Mais ne nous leurrons pas: la grande distribution va bientôt surfer sur la vague de la vente en vrac. Comme elle l’a fait avec les aliments bio. Elle a déjà commencé à petite échelle et il est certain que les choses s’organisent déjà en grand. Mais que nos géants orange soient avertis: désormais, ils ont à faire à des consommateurs attentifs à la sincérité de leurs actions. S’il y a le moindre soupçon d’une tentative de récupération dans le seul but d’engranger plus de bénéfices, la clientèle ne suivra pas. Un exemple ? Vendre des sacs à vrac synthétiques et faits en Chine et qui ne durent pas longtemps à l’usage, comme l’a fait l’un des acteurs du duopole orange, est un faux pas qui n’a pas échappé aux adeptes du Zéro Déchet. Le second grand distributeur propose depuis peu des sacs en cellulose faits en Turquie, c’est déjà mieux. S’il y a une réelle volonté de réduire l’empreinte environnementale, alors elle est à saluer car elle a des chances d’aboutir.

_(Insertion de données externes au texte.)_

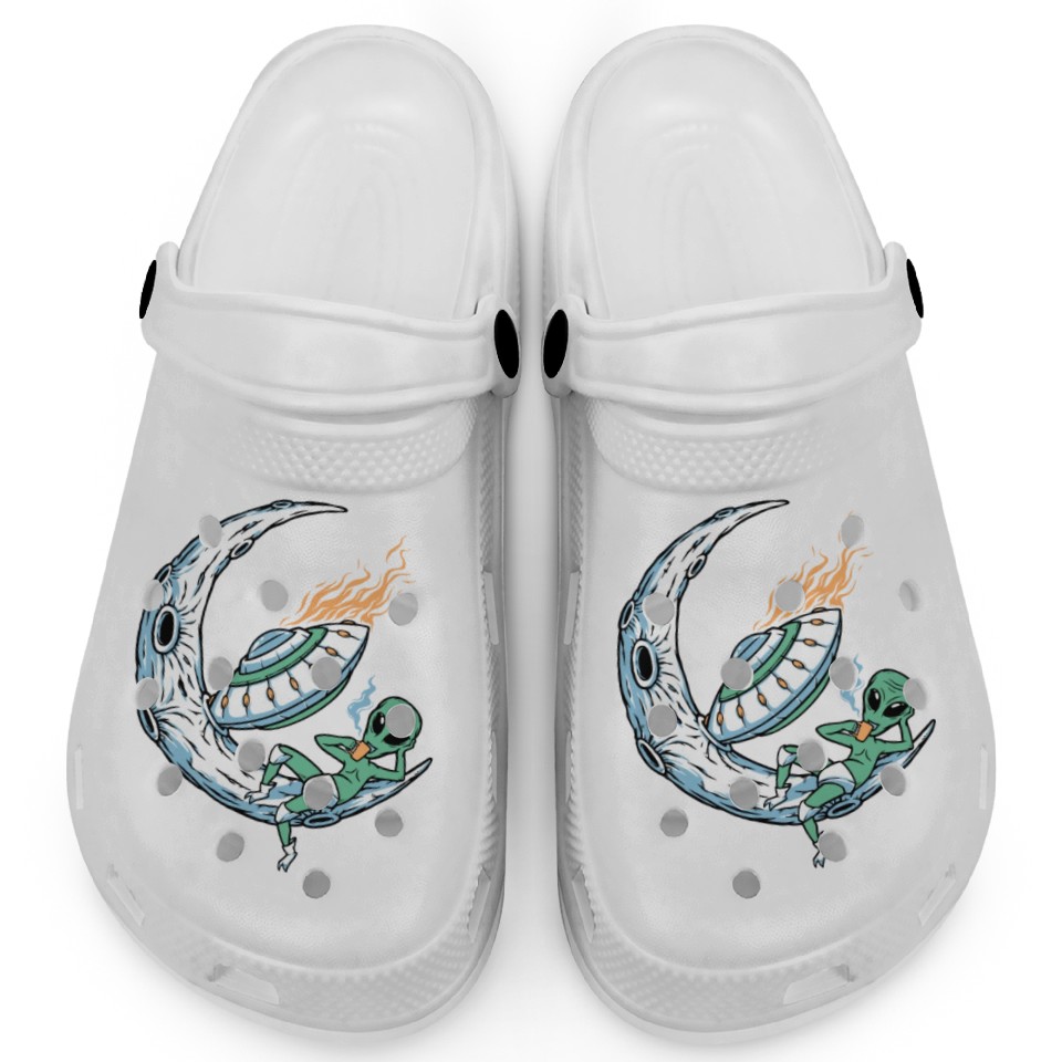 The item hot trend you're looking at is Alien lounging on moon coffee Clogs For Kids WHITE belong theme Clogs at Printblur

Si nous consommons moins, par choix et parfois par obligation, nous voulons avant tout consommer mieux. Et avoir plus de temps pour vivre et faire autre chose de notre temps, devenu denrée précieuse. N’oublions pas que la démarche du Zéro Déchet commence par une profonde réflexion, une remise en question de ses habitudes. C’est la méthode dite des 5 R développée par Bea Johnson, dont le premier signifie “Refuser”. Comme ce verbe traîne avec lui une connotation négative, l’association Zero Waste Switzerland a préféré le remplacer par le verbe “Réfléchir”.

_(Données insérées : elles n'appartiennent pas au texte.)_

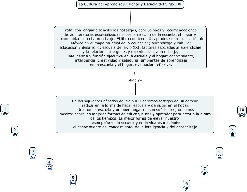 Este Cmap, tiene información relacionada con: La Cultura del Aprendizaje, Trata con lenguaje sencillo los hallazgos, conclusiones y recomendaciones de las literaturas especializadas sobre la relación de la escuela, el hogar y la comunidad con el aprendizaje. El libro contiene 10 capítulos sobre: ubicación de México en el mapa mundial de la educación; aprendizaje y cultura; educación y desarrollo; escuela del siglo XXI; factores asociados al aprendizaje y la relación entre genes y experiencias; aprendizaje, inteligencia y función ejecutiva en la escuela y el hogar; conocimiento, inteligencia, creatividad y sabiduría; ambientes de aprendizaje en la escuela y el hogar; evaluación reflexiva. digo yo En las siguientes décadas del siglo XXI seremos testigos de un cambio radical en la forma de hacer escuela y de nutrir en el hogar. Una buena escuela y un buen hogar no son suficientes; debemos meditar sobre las mejores formas de educar, nutrir y aprender para estar a la altura de los tiempos. La mejor forma de elevar nuestro desempeño en la escuela y en la vida es mediante el conocimiento del conocimiento, de la inteligencia y del aprendizaje, La Cultura del Aprendizaje: Hogar y Escuela del Siglo XXI ???? Trata con lenguaje sencillo los hallazgos, conclusiones y recomendaciones de las literaturas especializadas sobre la relación de la escuela, el hogar y la comunidad con el aprendizaje. El libro contiene 10 capítulos sobre: ubicación de México en el mapa mundial de la educación; aprendizaje y cultura; educación y desarrollo; escuela del siglo XXI; factores asociados al aprendizaje y la relación entre genes y experiencias; aprendizaje, inteligencia y función ejecutiva en la escuela y el hogar; conocimiento, inteligencia, creatividad y sabiduría; ambientes de aprendizaje en la escuela y el hogar; evaluación reflexiva.

En matière de grammaire et en guise de conclusion, le mode de vie Zéro Déchet permet de faire passer le verbe “être” bien avant le verbe “avoir”. Et ça fait un bien fou ! Essayez !

Valérie Sandoz

Valérie est engagée sur la réduction des déchets à titre privé depuis des années. Elle est l'auteur de plusieurs guides, donne des conférences, des cours et anime des ateliers. Géographe et ethnologue de formation, elle interroge notre façon de consommer et partage ses découvertes. Adepte du «fait maison» (conserves alimentaires, lacto-fermentation, cosmétiques, produits de nettoyage, etc.), Valérie anime un blog personnel consacré à la cuisine sans gluten, à la réduction des déchets et du gaspillage et à un mode de vie simple et joyeux.